鋼鐵烏鴉經過道雪的治療明顯好多了,站起身接著說道:“你也可以知道真相,我們互惠共贏。”
“呵呵,我憑什麽相信你,就憑你那一面之詞就想說動我去當人奸?”
“蕭談的真相,魔物的真相,魔武的真相,人類的真相,世界的真相,不是我來說,而是帶你去親眼看,幫助我們,我會向你證明的。”
“......”
“呦小王,過來辦公啊。”
看門大爺朝著一名胸前繡著赤色火焰,腰間懸著一把長刀的年輕男人招呼道。
“可不嘛,有人報警說在自家小區裡看到了魔物,還衝進他們家裡把牆給撞碎了,你說這怎麽可能嘛。”
王明漫不經心的從兜裡掏出煙盒,抽出一根香煙叼在嘴裡。
他腰間的長刀瞬間變成一隻渾身纏火的橘貓,將香煙點然,隨後又靈巧的變回刀,回到了腰間。
王明猛吸一口,接著說道:“估計又是誰家的小屁孩偷拿家裡人的電話報的假警,我們當菌殺者的還不得不去,真是累人。”
“真辛苦啊,不過你來晚了,已經有人先到了。”
王明循著看門大爺手指的方向看去。
小區內,站著三個人,兩男一女,其中,中年男人和少女胸前都繡有赤色火焰的圖案,顯然和王明一樣,都是菌殺者。
另一個人胸前繡的則是一快潔白的骨頭,那是細嗅者的標志。
王明見狀連忙朝中年男人小跑了過去。
“老大,你們不是去執行任務了嗎?怎麽到這來了。”
中年男人默不作聲,回答的是一旁的少女:“喂,應該是我們要問你吧,你不是在值班麽,怎麽會在這裡?”
“我接到了報警電話,說這裡有魔物才來的,你們也在這裡,該不會報警說的魔物是真的吧,這可是內城區啊。”
一隻潔白的雄鷹,振翅劃破夜空,飛到細嗅者跟前。
中年男人沒有理會王明,反而是向一旁的細嗅者問道:“察覺到什麽了嗎?”
“魔物闖入一戶人家裡後氣息就消失了,一直沒再出現過,那戶人家有問題。”
“有意思,走,跟我一起去看一看。”
說罷,中年男人朝居民樓內走去。
“啊?我也要去嗎,我就一值班的,殺魔物這麽危險的活還是交給你們吧,我在後面給你加油助威。”
“老大叫你去你就去,別磨磨唧唧的!”
王明被少女拽著耳朵也跟了上去。
“還要我說多少遍,魔物跑了,跑了!聽不懂嗎?!”
“道塵先生,請你冷靜,魔物確實是在你家裡消失的,在事情還沒有查清清楚前還不能妄下定論。”

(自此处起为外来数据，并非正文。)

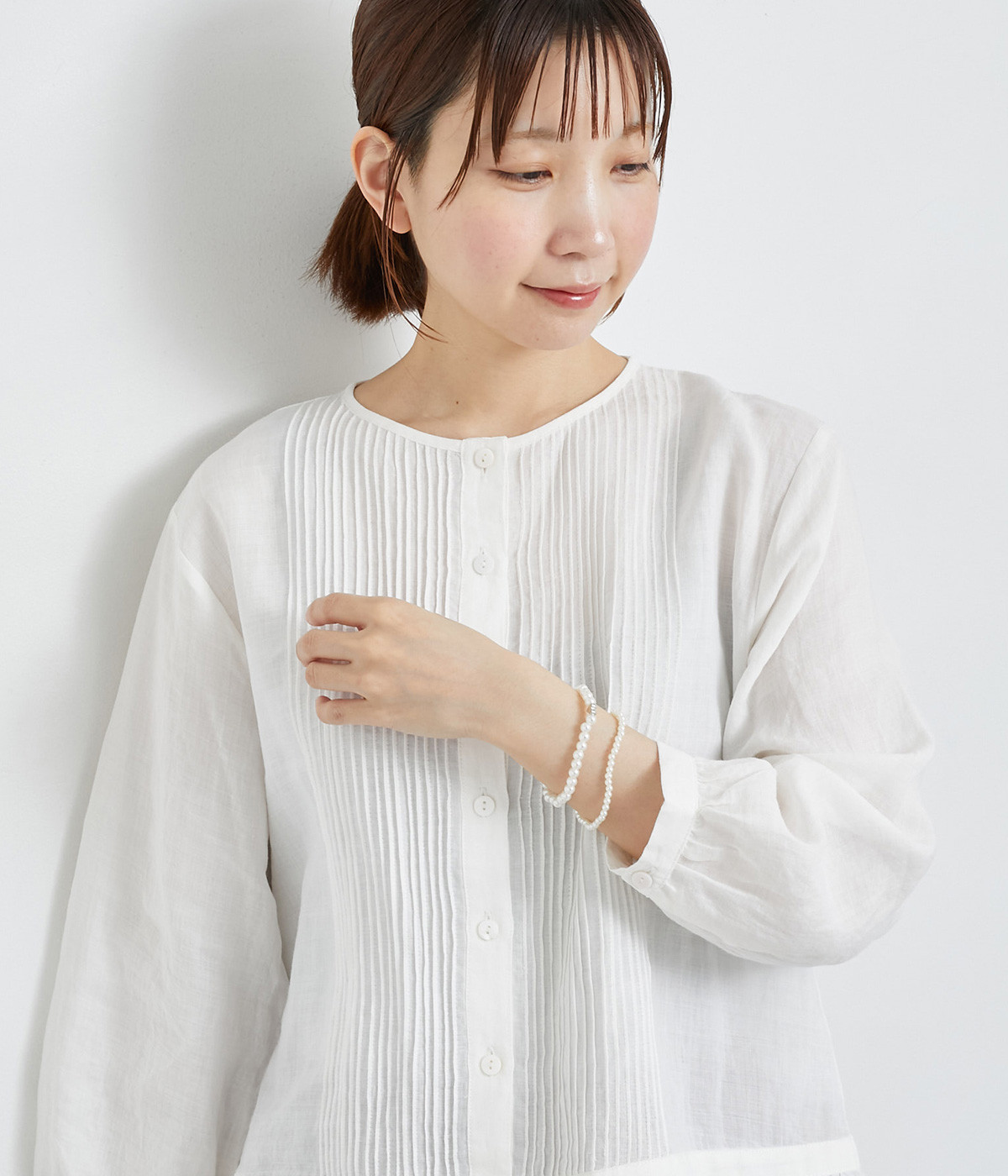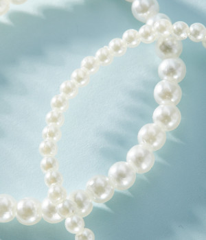 手元を華やかに飾るフェイクパールを使用。伸縮性のあるゴム仕様なので、簡単に着脱が可能です。

“什麽叫還不能下妄定論?啊?我報警是叫你們來抓魔物,不是叫你們來抓我的!況且這是怎麽回事,為什麽好端端的會有魔物闖進我家裡來,還把我兒子打傷了?你們菌殺者是怎麽辦事的!“
“我也再次重申一遍,我們不是接到報警電話來的,是本身就有魔物潛伏在你們家中才來解決的!”
“所以呢?你們找了半天,找著魔物了嗎!”
客廳內,道塵正在和兩名菌殺者爭辯著。
道雪躺在夏蘭的大腿上昏昏欲睡。
而道格則穿著一件黑色的外套,捂著肚子躺在沙發上不斷痛呼。
“很抱歉,我們菌殺者一開始是接到獵殺魔物的任務才趕到這裡來的,現在才被值班的同事告訴說,確實有報警這麽一回事,給你們造成不便和不必要的驚慌,真是抱歉。”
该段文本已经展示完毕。